On January 1, Spain had 48,593,909 inhabitants, according to provisional data from the Continuous Population Statistics (ECP) published yesterday by the INE. This is the largest number of residents in the entire historical series of this organization.
The population grew by 507,548 people in the last year due almost entirely to the arrival of foreigners. People born in another country (a total of 8,775,213) already represent 18% of the population of Spain. However, the number of foreign residents is lower (6.5 million, 13.4% of the total inhabitants) due to the processes of acquiring Spanish nationality.
During the last three months of 2023, mainly Colombians (42,600), Venezuelans (27,300) and Moroccans (25,800) arrived. And 19,500 Spaniards who lived abroad also returned. In the same period, 10,400 Spaniards, 9,500 Moroccans and 8,100 Romanians left, to name only the most numerous migrations.
Last year all the autonomies except Extremadura gained population, although they did so very unevenly. The Valencian Community (1.9%), Madrid (1.87%), Balearic Islands (1.7%) and Catalonia (1.5%) grew well above the average (1%). Murcia and the Canary Islands also exceeded this percentage, while the rest were below, and Galicia (0.24%), Castilla y León (0.26%) and Asturias (0.27%) were the ones that registered the lowest growth. .
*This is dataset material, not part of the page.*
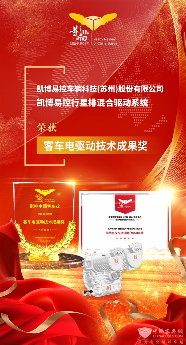 安全智能 节油高效! 凯博易控行星排混合驱动系统蝉联电驱动大奖

Yesterday Eurostat data was also published that confirms the rapid aging of Spanish society. Half of Europeans are already over 44.5 years old, which means that the average age of the population has increased by 2.3 years in the last decade. And in the case of Spaniards, this increase amounts to 4 years, which places Spain as the second country – along with Greece, Slovakia and Italy – that has aged the most since 2013, only surpassed by Portugal, where the average age has grown 4.4 years.
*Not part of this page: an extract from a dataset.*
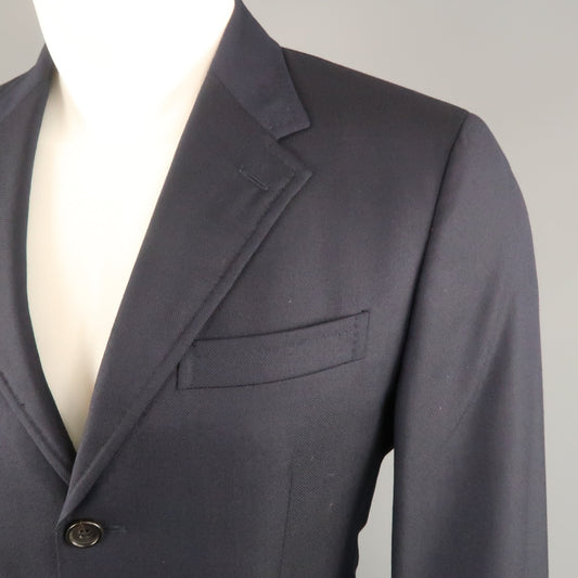 PRADA 38 Regular Navy Woven Textured Wool Three Button Sport Coat

However, Spain is not the oldest European society. Half of the population is over 44.2 years old, less than the community average and far from the 48.4 years of Italy (the highest average age in the EU), and the records of Portugal, Bulgaria, Greece , Croatia and Germany. Italy, Greece and Germany also have the highest proportion of people over 80 years old (all above 7%). Spain is within the community average: 6%.
And if the focus is on the group of people over 65 years of age, in Spain they make up 20.1% of the population, below the 21.3% European average, but 2.4 points more than a decade ago.